[PATCH 1/2] drm/amdgpu: fix deadlock caused by overflow
Christian König
christian.koenig at amd.com
Fri Sep 16 05:18:42 UTC 2022
Am 15.09.22 um 22:37 schrieb Andrey Grodzovsky:
>
> On 2022-09-15 15:26, Christian König wrote:
>> Am 15.09.22 um 20:29 schrieb Andrey Grodzovsky:
>>>
>>> On 2022-09-15 06:09, Zhao, Victor wrote:
>>>> [AMD Official Use Only - General]
>>>>
>>>> Hi Christian,
>>>>
>>>> The test sequence is executing a compute engine hang while running
>>>> a lot of containers submitting gfx jobs. We have advanced tdr mode
>>>> and mode2 reset enabled on driver.
>>>> When a compute hang job timeout happens, the 2 jobs on the gfx
>>>> pending list maybe signaled after drm_sched_stop. So they will not
>>>> be removed from pending list but have the
>>>> DMA_FENCE_FLAG_SIGNALED_BIT set.
>>>> At the amdgpu_device_recheck_guilty_jobs step, the first job will
>>>> be rerun and removed from pending list.

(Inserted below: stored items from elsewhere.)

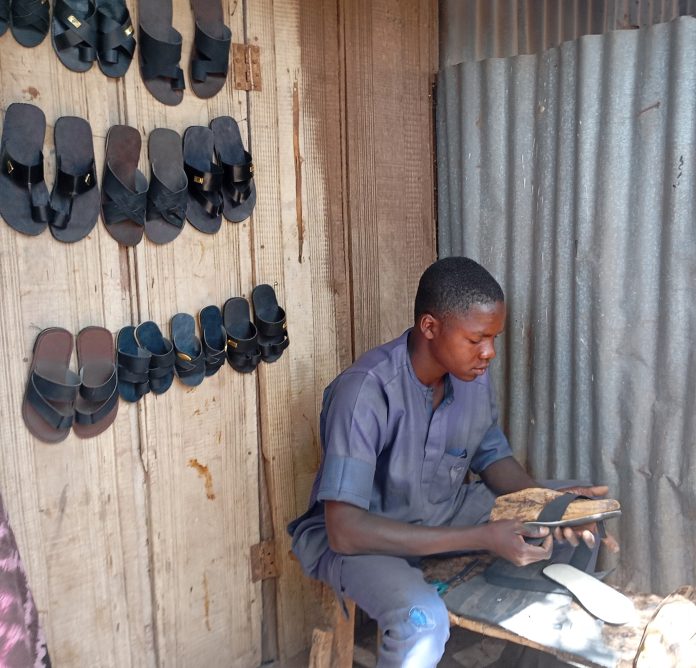 Seventeen-year-old Abubakar Mustapha carefully pieces together the straps of a new pair of footwear at a small roadside shop in Shuni, Sokoto State.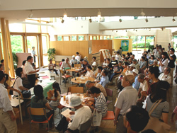 開会式は、「わろうべの里」志村センター長の司会で始まり、高橋四街道市長、鳥巣内閣府参事官(新潟県中越沖地震対応で欠席のため渡部参事官補佐が代読)からご挨拶頂きました。 本日のコーディネーター、鍵屋さん(板橋区総務部契約管財課長/NPO法人 東京いのちのポータルサイト理事)の紹介が終わると「ぼうさいカフェ」いよいよオープンです!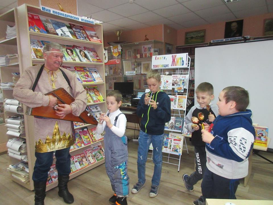 В гости к ребятам приехал известный оренбургский гусляр, поэт, музыкант, певец, Семкин Сергей Алексеевич. Он исполнил несколько песен под древнерусский инструмент - Гусли. провел мастер - класс игры на народных музыкальных инструментах, которые мастерит сам. Помимо гуслей, на которых он играет профессионально, собравшиеся в зале библиотеки, услышали голос жалеек — пастушьих дудочек. Жалейки у Сергея Семкина не только плачут, но и смеются весело, задорно.

>>>> At the resubmit setp, the second job (with signaled bit) will be
>>>> resubmitted. Since it still has signaled bit, drm_sched_job_done
>>>> will be called directly. This decrease the hw_rq_count which allows
>>>> more jobs emitted but did not clean fence_drv rcu ptr.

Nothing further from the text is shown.